Gaz américain en Europe : Alger et Moscou piégés

Gaz américain en Europe : Alger et Moscou piégés

2364471471.JPGLa première cargaison de gaz de schiste américain vers l’Union européenne, destinée au Portugal et arrivée mardi soir dans un port du sud du pays, n’est pas une bonne nouvelle pour l’Algérie. Cette livraison de GNL au Portugal confirme la réorientation globale de la politique énergétique de l’UE qui n’achète plus son gaz avec des contrats à long terme, encore moins être dépendante du gaz russe, Moscou pratiquant comme l’Algérie une politique commerciale du gaz basée sur les contrats à long terme, dont les prix sont indexés sur ceux du pétrole, que Bruxelles veut contourner. Il est clair que d’une part l’arrivée sur le marché pétrolier de la production de pétrole et gaz de schiste US a provoqué une chute des cours, et d’autre part, une dramatique migration des clients européen de l’Algérie ou de la Russie vers les Etats-Unis.

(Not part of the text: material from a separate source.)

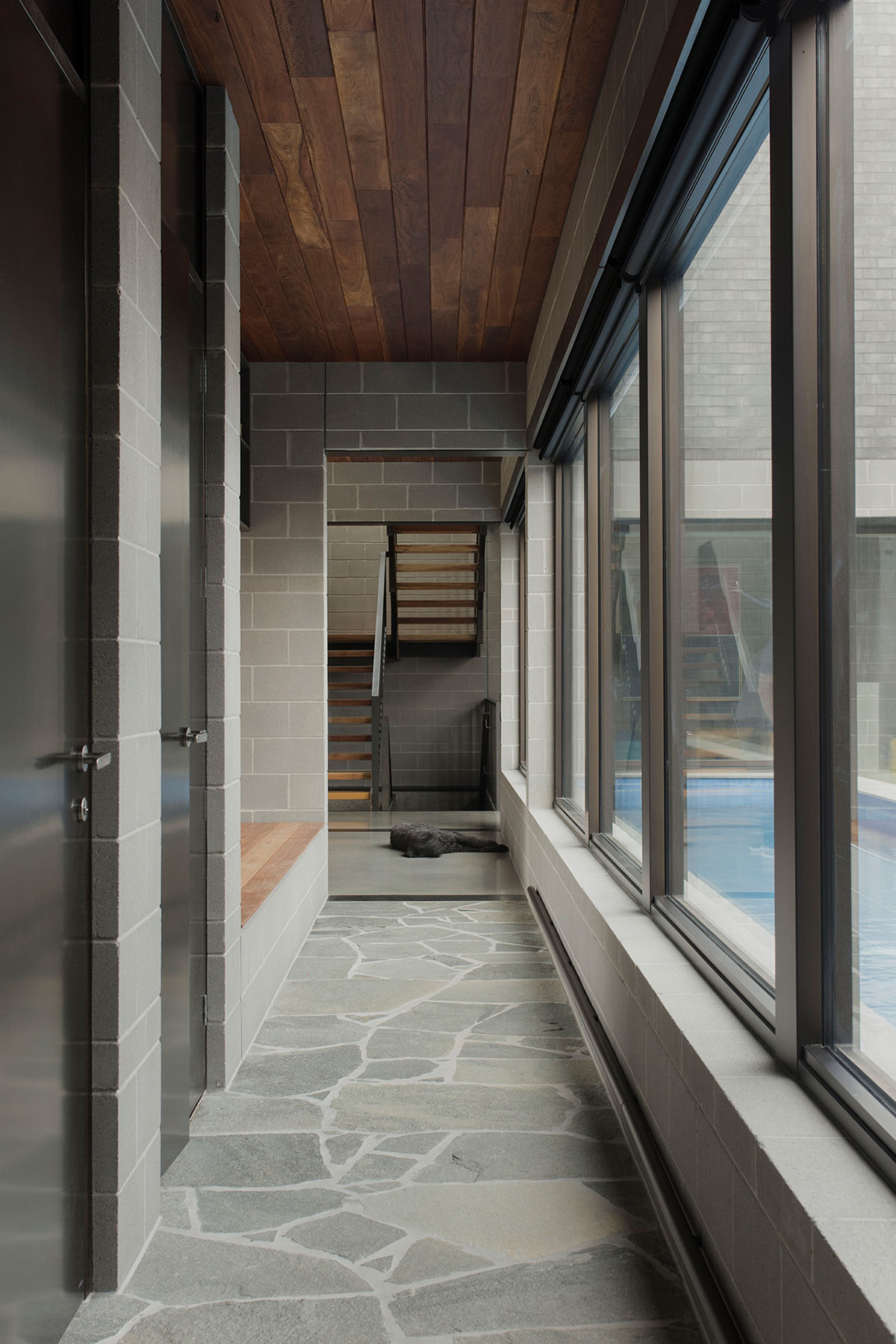 The clients also have a growing collection of Australian paintings and wanted an area which they can continue to grow and display their collection, the block wall also ensured that every part of it could be used to support art. The brief also requested for a lap pool which was positioned right in the center of the home. All these interior features along with meticulous selection of materials were integrated and flowed flawlessly throughout the space.

Cette migration a commencé en fait depuis au moins deux ans lorsque les Espagnols et les Italiens, les premiers approvisionnés par le GME et le Medgaz, les seconds par le gazoduc Enrico Mattei (Transmed), ont invité Sonatrach à revoir ses prix, tout en l’informant qu’ils allaient diminuer les quantités de gaz achetées. Entre-temps, l’éventualité d’un marché européen, sinon mondial, inondé par le gaz de schiste américain est devenue réalité. Une situation qui met le groupe pétrolier algérien, et donc l’Algérie, dans une très inconfortable posture. Car, avec la baisse de moitié des recettes d’hydrocarbures en 2015 et un même scénario en 2016, il y a maintenant l’invasion du gaz de schiste américain sur les marchés traditionnels de l’Algérie. Une très mauvaise nouvelle en fait pour un secteur gazier algérien qui consomme, en plus, presque la moitié de sa production en interne. L’Algérie, qui va engranger moins de 35 milliards de dollars de recettes pétrolières (et gazières) en 2016, n’a qu’une seule porte de sortie : renégocier ses contrats avec l’UE et revoir les prix de son gaz conformément aux contrats pratiqués sur les marchés de l’énergie. Et, surtout, trouver une parade technique et en même temps politique pour résister à la charge des exportations américaines vers l’Europe, qui se reconvertit progressivement au gaz de schiste US comme alternative à l’énergie nucléaire, en plein désarroi avec les accidents de Fukushima et Tchernobyl.

Il ne faut plus se voiler la face, l’Europe est en train de devenir un potentiel débouché pour le GNL américain, et l’Algérie est obligée aujourd’hui de bien réfléchir sur la proposition, encore fraîche, de l’UE faite en mai 2015 : une augmentation des exportations algériennes de gaz naturel vers l’Union européenne et, en échange, l’Algérie doit abandonner la formule des contrats de vente à long terme (jusqu’à 12 ans, clause take or pay) au profit de contrats à court terme ou de vente au coup par coup, renoncer à indexer le prix du gaz sur celui du pétrole et privilégier les prix de marché établis quotidiennement par les terminaux du nord de l’Europe, et revoir la clause des 49/51% dans les contrats de partenariat dans le secteur de l’énergie. Cette proposition est toujours sur la table à Bruxelles et sur celle du ministre Salah Khebri. Mais, pour Alger, elle offre cette désagréable sensation politique d’une reddition. Est-ce la raison du départ de Yousfi, qui avait donné son accord de principe au commissaire européen à l’Energie, l’Espagnol Miguel Arias Canete ? D’autant qu’abandonner la clause des contrats à long terme vaudra à l’Algérie le courroux de Moscou, qui pratique cette politique commerciale avec les pays de l’UE. L’aggiornamento, signé en mai 2015 à Alger avec l’UE, a pris aujourd’hui des contours kafkaïens. A moins que Sellal ne revienne de Moscou avec un début de solution, l’arrivée du GNL US en Europe est une vraie source d’inquiétude pour l’Algérie.